TRY IT: For this exercise, return exactly the lines of the material below that begin at the one with "本日は「モノトーンブッダプリントネットパンツ」をご紹介いたします。" and stop after the one with "Индекс цен находим".

PROVIDED ENTRIES:

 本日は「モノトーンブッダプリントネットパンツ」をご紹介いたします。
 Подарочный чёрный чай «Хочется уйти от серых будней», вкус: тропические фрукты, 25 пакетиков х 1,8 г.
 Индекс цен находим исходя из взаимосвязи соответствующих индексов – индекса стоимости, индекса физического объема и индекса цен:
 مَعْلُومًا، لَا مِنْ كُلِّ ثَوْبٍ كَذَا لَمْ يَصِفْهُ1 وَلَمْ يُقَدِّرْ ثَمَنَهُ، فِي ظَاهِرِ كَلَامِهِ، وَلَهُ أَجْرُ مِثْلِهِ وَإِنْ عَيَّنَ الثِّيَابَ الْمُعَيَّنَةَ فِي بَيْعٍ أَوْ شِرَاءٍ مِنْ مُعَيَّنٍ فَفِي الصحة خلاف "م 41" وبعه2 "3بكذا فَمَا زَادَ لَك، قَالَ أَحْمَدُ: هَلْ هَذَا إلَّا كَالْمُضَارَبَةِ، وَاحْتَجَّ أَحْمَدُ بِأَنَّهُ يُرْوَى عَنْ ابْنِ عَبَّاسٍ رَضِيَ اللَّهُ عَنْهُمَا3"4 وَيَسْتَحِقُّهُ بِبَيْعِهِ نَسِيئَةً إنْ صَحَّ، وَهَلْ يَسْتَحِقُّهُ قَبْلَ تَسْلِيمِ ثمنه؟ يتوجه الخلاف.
...
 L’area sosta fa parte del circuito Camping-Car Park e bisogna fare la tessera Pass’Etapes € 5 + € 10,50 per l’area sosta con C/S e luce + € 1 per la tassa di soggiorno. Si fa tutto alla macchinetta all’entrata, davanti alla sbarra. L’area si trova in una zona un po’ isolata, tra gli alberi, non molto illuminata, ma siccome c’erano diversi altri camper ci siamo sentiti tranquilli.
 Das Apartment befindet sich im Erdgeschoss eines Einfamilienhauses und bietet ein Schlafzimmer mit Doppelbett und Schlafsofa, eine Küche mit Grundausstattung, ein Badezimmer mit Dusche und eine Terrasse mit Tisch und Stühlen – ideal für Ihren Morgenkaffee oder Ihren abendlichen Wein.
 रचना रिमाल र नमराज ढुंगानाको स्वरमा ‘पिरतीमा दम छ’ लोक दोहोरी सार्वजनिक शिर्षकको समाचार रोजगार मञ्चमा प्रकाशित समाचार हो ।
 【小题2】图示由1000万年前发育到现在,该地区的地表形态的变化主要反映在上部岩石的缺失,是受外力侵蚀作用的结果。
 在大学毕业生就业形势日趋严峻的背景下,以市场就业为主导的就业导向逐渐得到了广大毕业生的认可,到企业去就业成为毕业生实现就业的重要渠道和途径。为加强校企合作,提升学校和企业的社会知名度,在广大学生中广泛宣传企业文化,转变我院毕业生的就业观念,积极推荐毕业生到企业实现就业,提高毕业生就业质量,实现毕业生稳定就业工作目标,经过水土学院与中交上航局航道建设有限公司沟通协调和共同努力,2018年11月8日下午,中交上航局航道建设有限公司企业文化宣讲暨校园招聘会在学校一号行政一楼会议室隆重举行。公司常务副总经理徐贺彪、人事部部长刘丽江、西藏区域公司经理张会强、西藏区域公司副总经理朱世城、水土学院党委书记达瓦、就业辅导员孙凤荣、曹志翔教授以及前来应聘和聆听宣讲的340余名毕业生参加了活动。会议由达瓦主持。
---
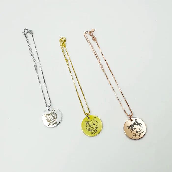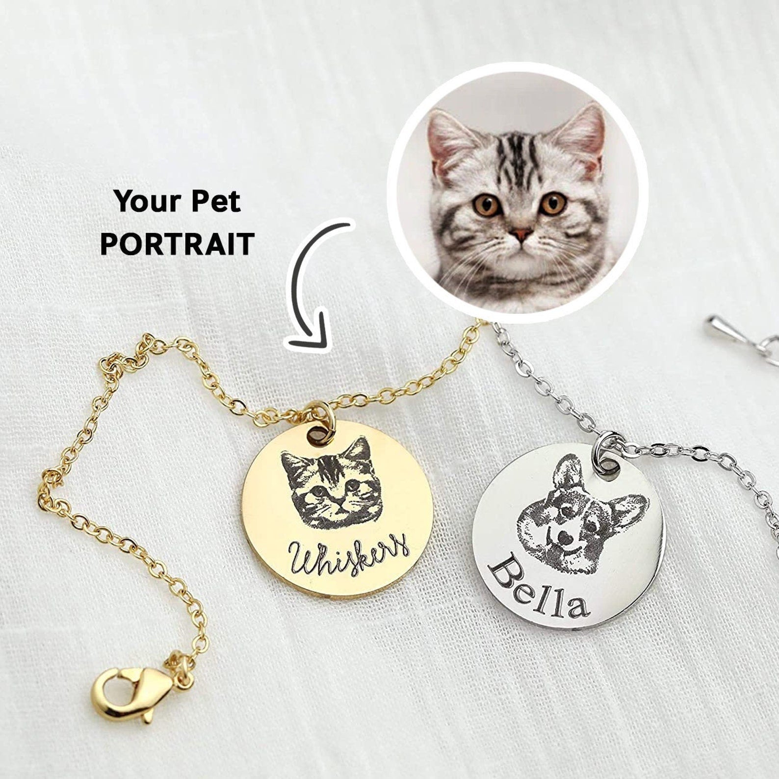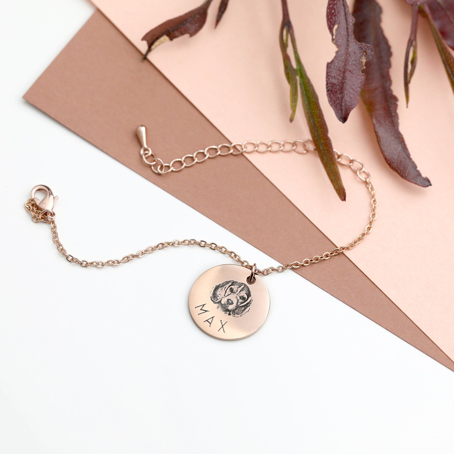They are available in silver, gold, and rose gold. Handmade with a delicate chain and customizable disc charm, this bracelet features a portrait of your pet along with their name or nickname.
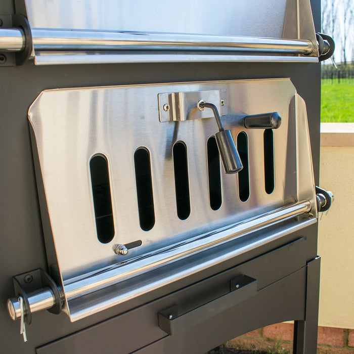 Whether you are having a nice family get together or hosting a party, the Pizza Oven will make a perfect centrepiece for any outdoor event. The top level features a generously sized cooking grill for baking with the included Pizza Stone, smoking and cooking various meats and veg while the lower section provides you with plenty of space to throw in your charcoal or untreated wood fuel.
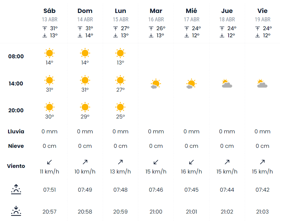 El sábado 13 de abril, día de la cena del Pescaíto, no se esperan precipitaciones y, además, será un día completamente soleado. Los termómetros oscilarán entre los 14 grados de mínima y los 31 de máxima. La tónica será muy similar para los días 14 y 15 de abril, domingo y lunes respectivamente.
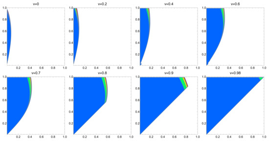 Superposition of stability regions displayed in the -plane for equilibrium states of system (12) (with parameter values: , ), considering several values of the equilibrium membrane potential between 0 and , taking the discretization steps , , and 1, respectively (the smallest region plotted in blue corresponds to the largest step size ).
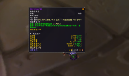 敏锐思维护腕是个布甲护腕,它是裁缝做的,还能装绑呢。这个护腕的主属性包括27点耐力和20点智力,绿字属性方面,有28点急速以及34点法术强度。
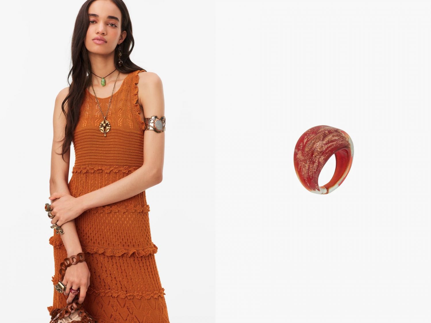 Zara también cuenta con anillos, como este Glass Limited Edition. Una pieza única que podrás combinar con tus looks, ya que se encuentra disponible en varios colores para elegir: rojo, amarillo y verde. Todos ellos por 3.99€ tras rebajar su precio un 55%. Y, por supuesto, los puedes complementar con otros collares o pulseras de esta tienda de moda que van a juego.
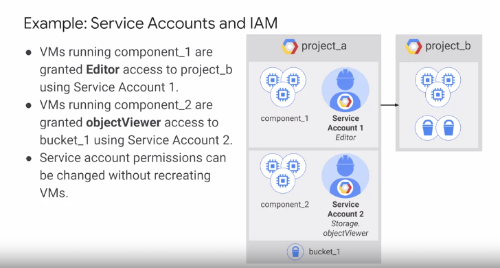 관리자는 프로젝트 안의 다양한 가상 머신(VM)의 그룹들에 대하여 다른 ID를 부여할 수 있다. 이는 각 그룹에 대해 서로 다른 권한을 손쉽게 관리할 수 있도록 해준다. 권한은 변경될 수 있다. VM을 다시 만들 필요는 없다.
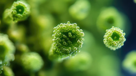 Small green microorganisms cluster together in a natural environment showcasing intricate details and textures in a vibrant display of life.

RESPONSE:
 本日は「モノトーンブッダプリントネットパンツ」をご紹介いたします。
 Подарочный чёрный чай «Хочется уйти от серых будней», вкус: тропические фрукты, 25 пакетиков х 1,8 г.
 Индекс цен находим исходя из взаимосвязи соответствующих индексов – индекса стоимости, индекса физического объема и индекса цен:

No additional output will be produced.